The cop-pig collage’s new spot at the Artspace gallery.

On Friday afternoon, this incident of the removal of Skinner’s artwork from the Armory is scheduled to be one of the topics of conversation at a workshop called Handling Controversy and Working with Difficult Subject Matter,” hosted by the National Coalition Against Censorship during their annual conference in Miami, Florida. Laura Marsh and Phil Lique, former New Haven artists who recently relocated to the Sunshine State, will serve as Artspace’s representatives at the conference.

Meanwhile, Kauder and Fritchey sent an email message to city officials Friday morning expressing disappointment that none of them attended the forum. They asked the officials to suggest a good time for a follow-up event.

Following is the text of that email message, which was addresssed to Chief Administrative Officer Mike Carter, parks chief Rebecca Bombero, Police Chief Anthony Campbell, Beaver Hills Alder Jill Marks, and cultural director Andy Wolf:

We are writing to send an update on tonight’s Public Forum at Artspace, organized with the hope that a recent citizen’s complaint logged against an artwork at installed for Artspace’s City-Wide Open Studios festival by New Haven artist Gordon Skinner could transform into an opportunity for individuals from the city and the new haven police department to come together to discuss our diverse perspectives on the role of art that enters the public arena and who public space should serve.
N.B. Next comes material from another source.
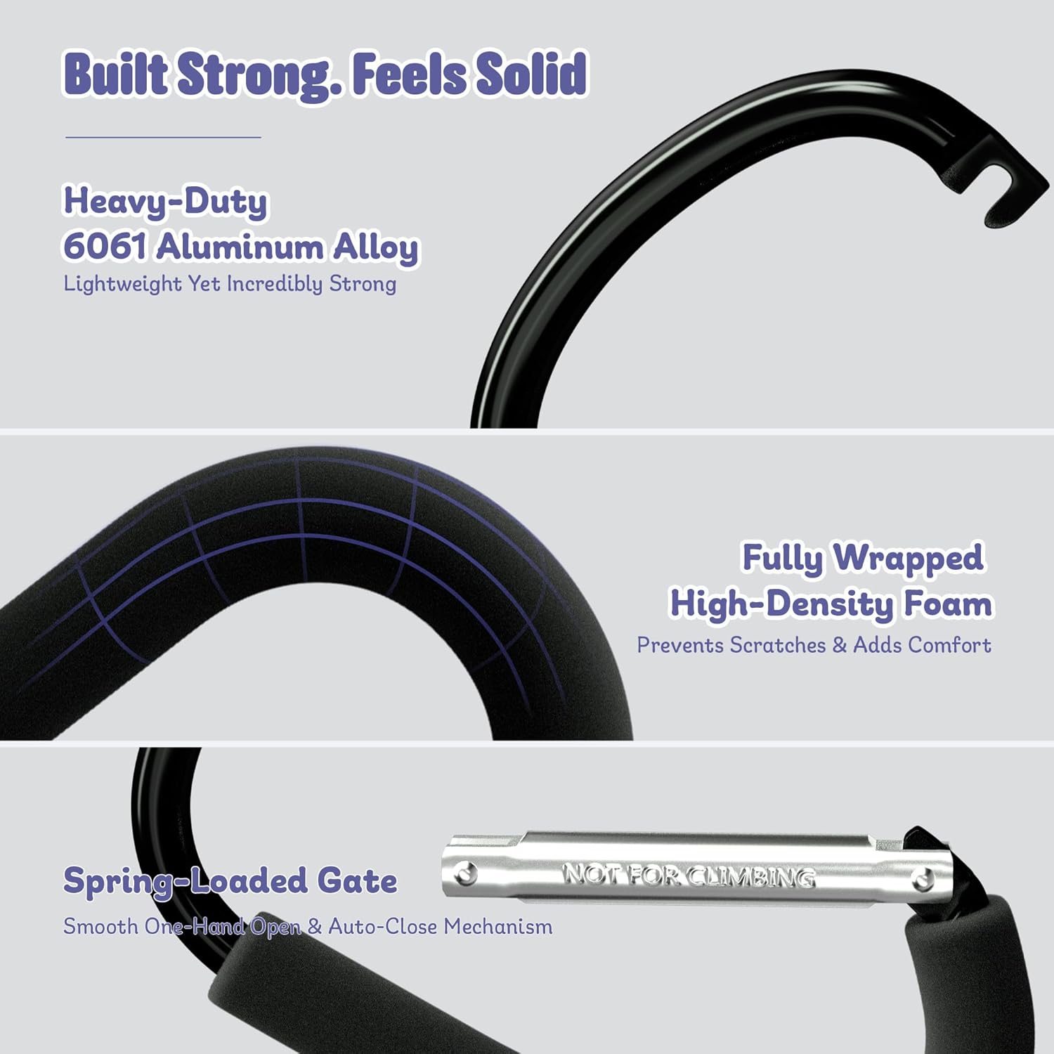 - Full Foam Handle Protects Bags: Featuring a soft foam handle, the stroller hook cushions diaper bags, purses, and backpacks, preventing scratches or damage from metal contact. A perfect stroller accessory to keep belongings safe during outings

An engaged group of about 40 individuals attended the Public Forum tonight, including, Gordon Skinner, the artist of the artwork under consideration, members of the interested media from the New Haven Register and the New Haven Independent, a member of Mothers for Justice, a Board Member of the Community Foundation/New Haven Board of Ed/Neighborhood Music School, a representative from the New Haven Educator’s Collective who resides in Beaver Hills, students from Gateway Community College, graduate student and fellows associated with the Yale Art Gallery, current and past members of the Artspace Board, and local artists. 
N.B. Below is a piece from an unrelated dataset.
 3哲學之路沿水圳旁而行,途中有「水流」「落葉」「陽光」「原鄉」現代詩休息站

Both the Register and NHI will have coverage of the conversation in the next day or so.

We were disappointed that no one from the City or the New Haven or the New Haven Police Department was able to attend. Throughout the conversation, the group desired to hear from the perspective of a city official, member of the NHPD or Correctional Officer. It was especially noted that the names and identities of the individual complainants from the NHPD and NHCC have not yet been shared and thus the opportunity to create constructive dialogue has been greatly diminished.

As organizers of the event with a sincere interest in working collaboratively with the City, we recognize that it is a challenge to get people into the same room to meet, so we want to make a third attempt to hold this community conversation. The first attempt was quickly cancelled when we received word that October 20th would be a better date for Becky and Michael.

Since the Department of Parks received and relayed the citizen’s complaint” against Mr. Skinner’s artwork, we hope that it will take the lead to propose a suitable date for a follow up meeting in the very near future. We ask that this date and time be mindful of working individuals who might wish to attend.